The emf- jobs were cancelled (or failed time-out) yesterday before the test job was retried; the emf- job was restarted and is hung in the same place again today and the jobs (including the test job) are hanging as before.
My guess:
I think server/slave communication is hanging in the emma/coverage plugin.

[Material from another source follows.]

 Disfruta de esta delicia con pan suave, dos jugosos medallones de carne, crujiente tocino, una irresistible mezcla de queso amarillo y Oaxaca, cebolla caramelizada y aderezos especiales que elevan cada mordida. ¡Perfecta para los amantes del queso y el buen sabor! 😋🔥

Witness the fast pipeline exception I see in the take-down log of the first emf- job:
BUILD SUCCESSFUL
Total time: 10 minutes 53 seconds
Archiving artifacts
Recording test results
Emma: looking for coverage reports in the provided path: build/result/test/output/*-coverageReport.xml
Emma: found 2 report files:
/opt/users/hudsonbuild/workspace/emf-graphiti-nighly/build/result/test/output/JUnit-graphiti-coverageReport.xml
/opt/users/hudsonbuild/workspace/emf-graphiti-nighly/build/result/test/output/JUnit-graphitiUI-coverageReport.xml
Emma: stored 2 report files in the build folder: /opt/users/hudsonbuild/.hudson/jobs/emf-graphiti-nighly/builds/2010-07-20_11-06-04/emma
ERROR: Publisher hudson.plugins.emma.EmmaPublisher aborted due to exception
java.io.IOException
at hudson.remoting.FastPipedInputStream.read(FastPipedInputStream.java:173)
at sun.nio.cs.StreamDecoder$CharsetSD.readBytes(StreamDecoder.java:452)

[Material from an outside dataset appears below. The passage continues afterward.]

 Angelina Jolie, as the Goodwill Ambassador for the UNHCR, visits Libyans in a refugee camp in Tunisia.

at sun.nio.cs.StreamDecoder$CharsetSD.implRead(StreamDecoder.java:494)
at sun.nio.cs.StreamDecoder.read(StreamDecoder.java:222)
at java.io.InputStreamReader.read(InputStreamReader.java:177)
at org.xmlpull.mxp1.MXParser.fillBuf(MXParser.java:2992)
at org.xmlpull.mxp1.MXParser.more(MXParser.java:3046)
at org.xmlpull.mxp1.MXParser.parseProlog(MXParser.java:1410)
at org.xmlpull.mxp1.MXParser.nextImpl(MXParser.java:1395)
at org.xmlpull.mxp1.MXParser.next(MXParser.java:1093)
at org.xmlpull.mxp1.MXParser.nextTag(MXParser.java:1078)
at hudson.plugins.emma.EmmaBuildAction.loadRatios(EmmaBuildAction.java:260)
at hudson.plugins.emma.EmmaBuildAction.load(EmmaBuildAction.java:233)
at hudson.plugins.emma.EmmaPublisher.perform(EmmaPublisher.java:126)
at hudson.tasks.BuildStepMonitor$3.perform(BuildStepMonitor.java:36)
at hudson.model.AbstractBuild$AbstractRunner.perform(AbstractBuild.java:582)
at hudson.model.AbstractBuild$AbstractRunner.performAllBuildStep(AbstractBuild.java:563)
at hudson.model.AbstractBuild$AbstractRunner.performAllBuildStep(AbstractBuild.java:550)
at hudson.model.Build$RunnerImpl.post2(Build.java:152)
at hudson.model.AbstractBuild$AbstractRunner.post(AbstractBuild.java:528)
at hudson.model.Run.run(Run.java:1267)
at hudson.model.FreeStyleBuild.run(FreeStyleBuild.java:46)
at hudson.model.ResourceController.execute(ResourceController.java:88)
at hudson.model.Executor.run(Executor.java:122)
ln -s builds/2010-07-20_11-06-04 /opt/users/hudsonbuild/.hudson/jobs/emf-graphiti-nighly/builds/../lastSuccessful failed: -1
ln -s builds/2010-07-20_11-06-04 /opt/users/hudsonbuild/.hudson/jobs/emf-graphiti-nighly/builds/../lastStable failed: -1
Finished: SUCCESS
Note that this is reported as SUCCESS when it has clearly failed.
Do I understand correctly that the emma/coverage plug-in is a recent thing? I read some talk of "re-instating" it on another bug.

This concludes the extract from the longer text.